##### Source information #####

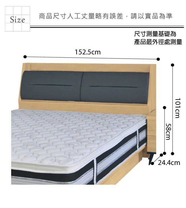 材質 | ◆產品名稱: 【綠家居】芬米 時尚5尺雙人貓抓皮革床頭箱(四色可選+不含床底+不含床墊) 床頭箱尺寸:(寬)152.5x(深)24.4(高)101/公分 ◆材質: 材質:防蛀木心板+耐刮貓抓皮革+高密度泡棉 噴漆:防潮耐磨噴漆處理
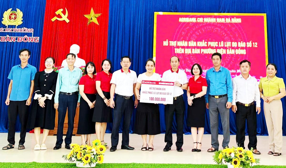 Nhân dịp này, thông qua UBMTTQVN phường Điện Bàn Đông, Agribank – Chi nhánh Nam Đà Nẵng đã ủng hộ 100 triệu đồng, góp phần cùng với Nhà nước và cộng đồng khắc phục hậu quả của bão lũ gây ra trên địa bàn phường Điện Bàn Đông. Theo thống kê sau đợt bão lũ xảy ra vào cuối tháng 10 và đầu tháng 11-2025 vừa qua, phường Điện Bàn Đông có 1 người chết, 3 nhà bị sạt lở, 135ha hoa màu bị hư hại, 12.000 con gia cầm bị chết và cuốn trôi, 17 khối phố bị ngập nước hoàn toàn với 4.621 hộ dân bị ảnh hưởng...
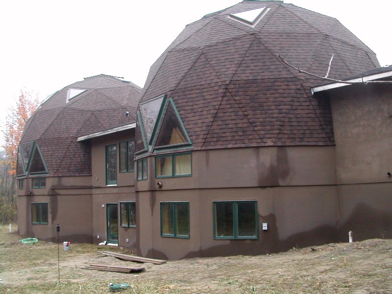 I was contracted to assemble a pair of domes and built a pair of spiral stairs for their interiors. The lower floor walls without windows were eventually backfilled close to the main floor heights.
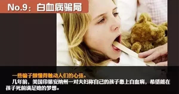 一些骗子颇懂得触动人们的心弦。几年前,美国印第安纳州一对夫妇称自己的孩子患上白血病,希望能在孩子死前满足她的梦想。整个小镇都被调动起来捐款,最后筹集了1.3万美元。
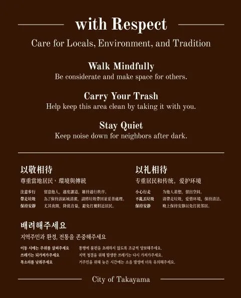この「with Respect」のメッセージは、観光施設の看板やバスの車内でも今後引き続き発信される予定です。高山市は、住民と観光客が共に気持ちよく過ごせるまちづくりを推進し、地域の文化を尊重する取り組みを強化していく考えです。より多くの観光客に地元の魅力を理解してもらい、地域との良好な関係を築くことが期待されています。
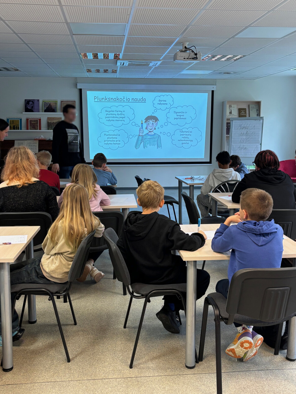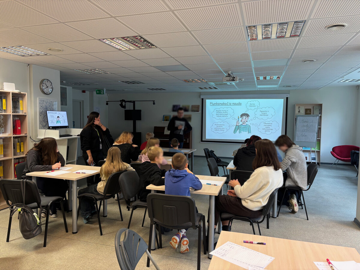 Po pamokos visi apžiūrėjo bibliotekos erdves, pasivaikščiojo po skaitymo ir edukacines zonas. Mokiniai iš pamokos išsinešė ne tik naujų įgūdžių, bet ir įkvėpimo rašyti tvariau bei sąmoningiau.

#####

Exercise details: Your answer must be exactly the lines from the one with "I was contracted" through the final line of the data, with no pictures in it.

Result for this task:
 I was contracted to assemble a pair of domes and built a pair of spiral stairs for their interiors. The lower floor walls without windows were eventually backfilled close to the main floor heights.
 一些骗子颇懂得触动人们的心弦。几年前,美国印第安纳州一对夫妇称自己的孩子患上白血病,希望能在孩子死前满足她的梦想。整个小镇都被调动起来捐款,最后筹集了1.3万美元。
この「with Respect」のメッセージは、観光施設の看板やバスの車内でも今後引き続き発信される予定です。高山市は、住民と観光客が共に気持ちよく過ごせるまちづくりを推進し、地域の文化を尊重する取り組みを強化していく考えです。より多くの観光客に地元の魅力を理解してもらい、地域との良好な関係を築くことが期待されています。
 Po pamokos visi apžiūrėjo bibliotekos erdves, pasivaikščiojo po skaitymo ir edukacines zonas. Mokiniai iš pamokos išsinešė ne tik naujų įgūdžių, bet ir įkvėpimo rašyti tvariau bei sąmoningiau.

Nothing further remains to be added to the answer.